(656a) Incorporating Cell Cycle Progression and Drug Penetration into Metabolic Models of Multicellular Tumor Spheriod Growth
AIChE Annual Meeting
2006
2006 Annual Meeting
Computing and Systems Technology Division
Applied Mathematics in Bioengineering II
Friday, November 17, 2006 - 12:30pm to 12:48pm
Chemotherapeutic compounds that show promise in monolayer culture studies often prove substantially less effective in tumors due to pronounced diffusion limitations in key nutrients such as glucose and oxygen that produce nutrient deficient regions that eventually become necrotic in tumors in-vivo. Cancer cells are known to consume considerably more glucose than normal cells under identical conditions. While tumor cells oxidize a portion of the glucose they uptake, a large fraction is converted to lactate. Analysis of tumor interstitial fluid suggests that the tricarboxylic acid (TCA) cycle is saturable, which could explain the high rate of lactate production. Clinical trials have shown that high lactate and low oxygen concentrations in in-vivo tumors are each correlated with increased likelihood of metastases, tumor recurrence, and reduced patient survival. The presence of hypoxia is known to reduce the effectiveness of radiation therapy, as this treatment strategy is dependant on presence of oxygen radicals.

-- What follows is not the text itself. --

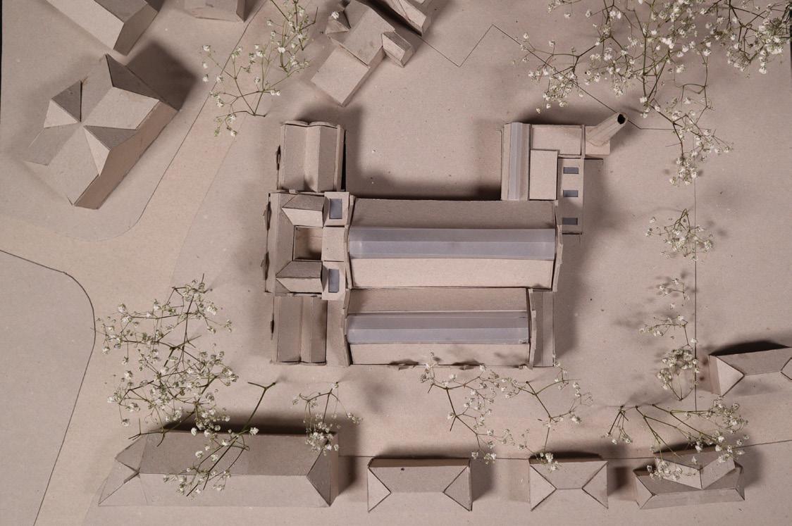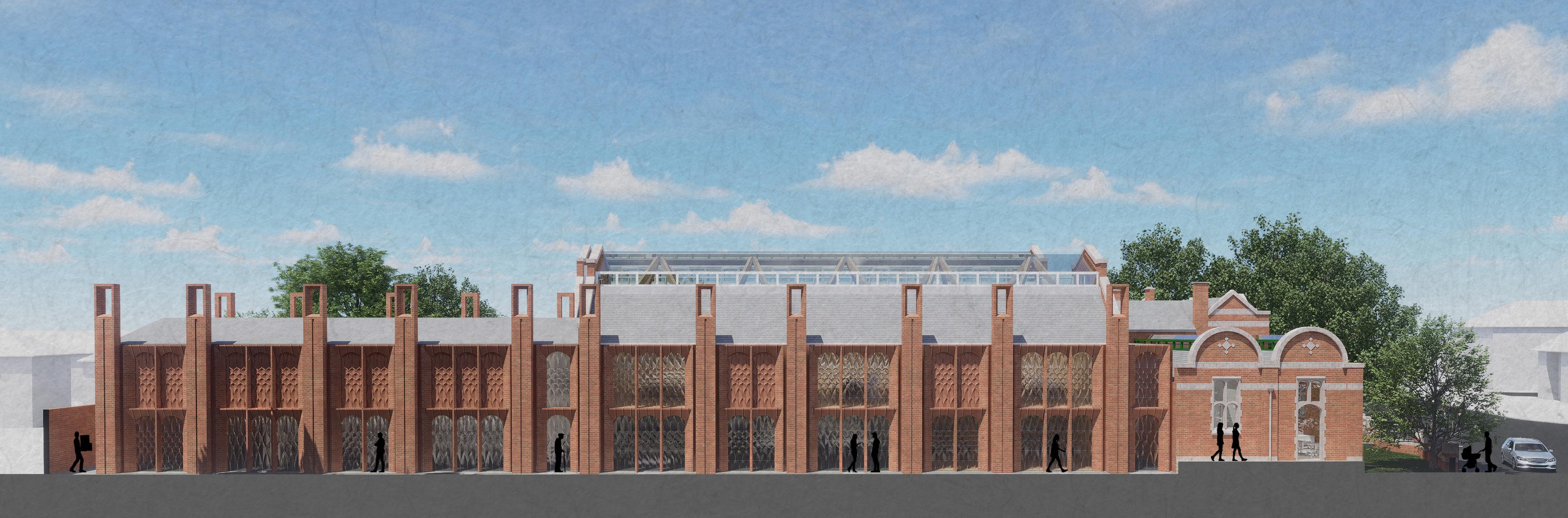 It showcases the iterative process behind the proposed Withington Bath elevation—from early concept sketches to digital rendering and finally into a 1:50 physical model. Early sketches drew inspiration from the facing historic facade but were challenged by outdated architectural features unsuited to the new design. Rather than discarding them, these elements were reimagined to serve contemporary needs; for instance, decorative rooftop details evolved into natural ventilation towers, inspired by Níall McLaughlin Architects’ new library at Magdalene College in Cambridge.

In vitro multicellular spheroids mimic the heterogeneous microenvironments present in in-vivo three dimensional tissues which are not present in monolayer cultures. Therefore, multicellular spheroids represent a useful model system to study the effects of nutrient diffusion on tumor metabolism and growth. Mathematical models of spheroid growth have the potential to guide the design of improved chemotherapeutic strategies. Most existing spheroid models are based on simple descriptions of cellular metabolism and the assumption of a single growth limiting nutrient. We recently developed a multi-nutrient model in which diffusion limitations create spatial oxygen, glucose, and lactate gradients that alter local energy metabolism, which in turn affects overall spheroid physiology (Venkatasubramanian et al., 2006). The cellular growth and death rates were assumed to be determined by the ATP generation rate, which was stochiometrically calculated from the nutrient uptake rates. This model successfully predicted the presence of proliferating, quiescent, and necrotic regions observed in fully developed spheroids.
In this presentation, we present a significantly extended version of our original model that accounts for the effects of cell cycle progression and chemotherapeutic drugs. Most other tumor growth models are based on the simplifying assumption of a single type of cycling cell. The incorporation of distinct cell cycle phases is important because some chemotherapeutics are known to be cytotoxic only to cycling cells in a particular phase (e.g., Paclitaxel primarily targets G2/M phase cells). Progression through the five cell cycle phases (G0, G1, S, G2, M) is modeled with simple ATP-dependent rate expressions such that the radial distribution of cells in each phase is consistent with existing data. The rate of cell death from each phase is also described with an ATP-dependent expression. A three-compartment pharmacokinetic model is used to determine the extracellular drug concentration at the spheroid boundary. Drug penetration is modeled with an effective diffusivity coefficient that accounts for drug uptake by the cells. The cellular death rate due to the chemotherapeutic is parameterized in terms of the local extracellular drug concentration. The resulting model consisting of a coupled set of nonlinear partial differential, ordinary differential, and algebraic equations with a moving outer boundary is solved using orthogonal collocation on a moving grid of finite elements. We investigate the effect of drug diffusivity, the targeted cell cycle phase, and phenotypic cell behavior on the efficacy of different drug treatment protocols. Our model produces some counterintuitive results, such as drugs with intermediate diffusion coefficients are most effective at reducing spheroid volume.
References
R. Venkatasubramanian, M. A. Henson, and N. S. Forbes, ?Incorporating Cellular Metabolism into Growth Models of Multicellular Tumor Spheriods,? Journal of Theoretical Biology, in press.